[Supplied material]
-- Opening Marker --

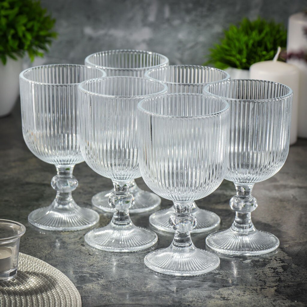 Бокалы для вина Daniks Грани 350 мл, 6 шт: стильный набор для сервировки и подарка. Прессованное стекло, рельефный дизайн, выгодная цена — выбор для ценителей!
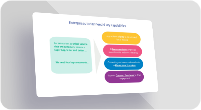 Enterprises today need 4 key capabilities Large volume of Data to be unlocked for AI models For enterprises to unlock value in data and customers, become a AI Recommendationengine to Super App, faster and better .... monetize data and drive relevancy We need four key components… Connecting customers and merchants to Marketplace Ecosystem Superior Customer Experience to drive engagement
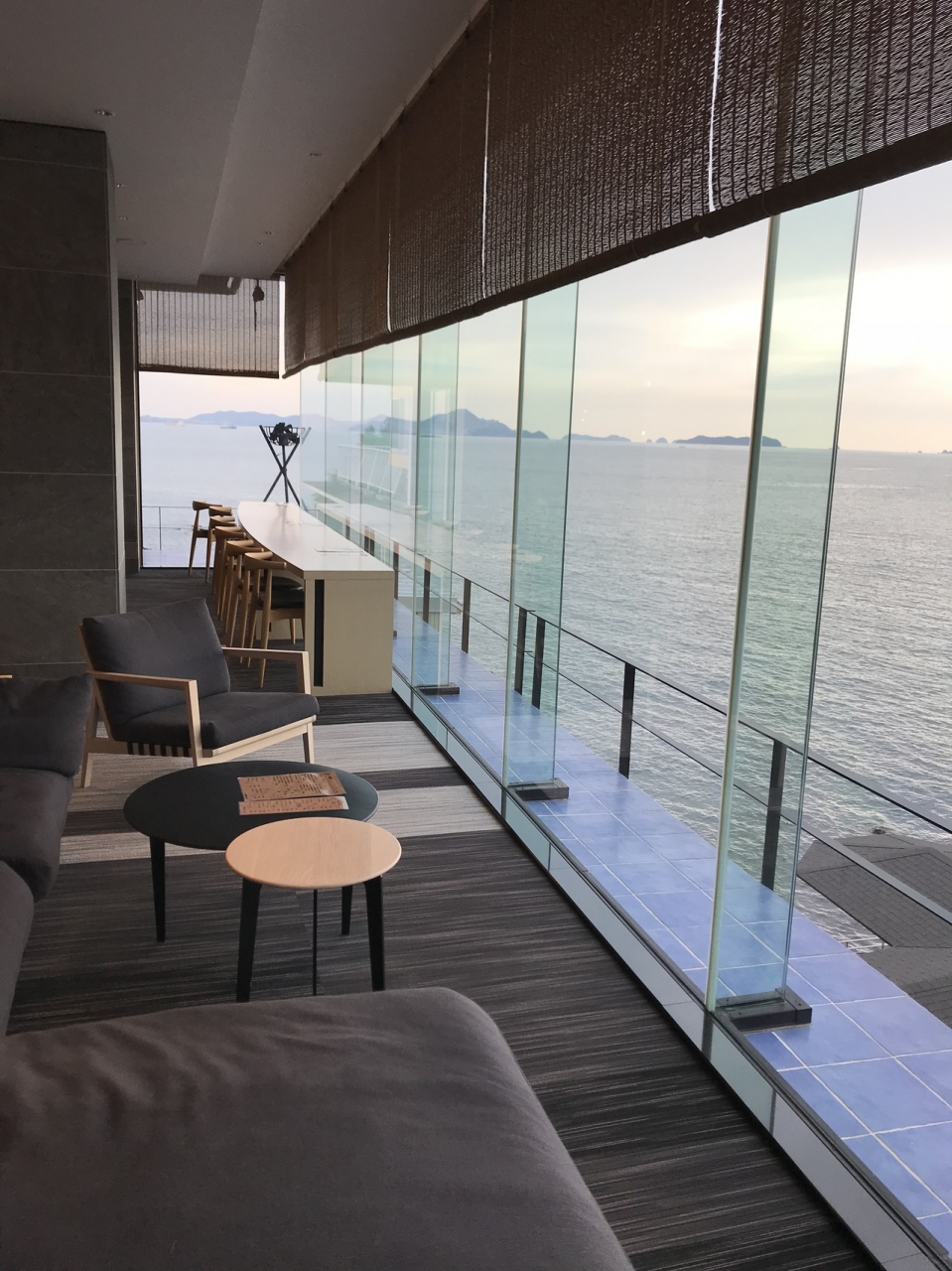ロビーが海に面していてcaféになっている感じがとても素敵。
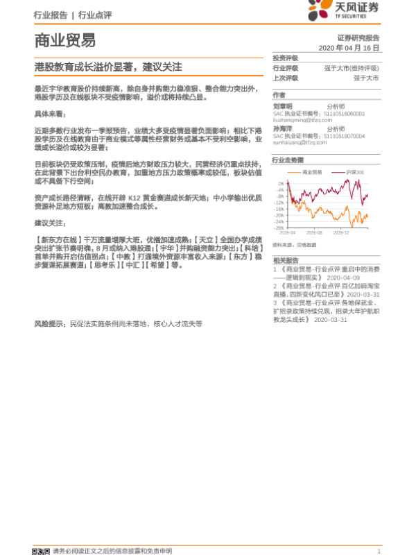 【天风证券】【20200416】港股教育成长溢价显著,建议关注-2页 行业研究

-- Closing Marker --

[Work request] Leaving all pictures aside, print exactly the lines from the one that contains "ロビーが海に面していてcaféになっている感じがとても素敵。" through the last line of the data above, inclusive.

[Output for this task]
ロビーが海に面していてcaféになっている感じがとても素敵。
 【天风证券】【20200416】港股教育成长溢价显著,建议关注-2页 行业研究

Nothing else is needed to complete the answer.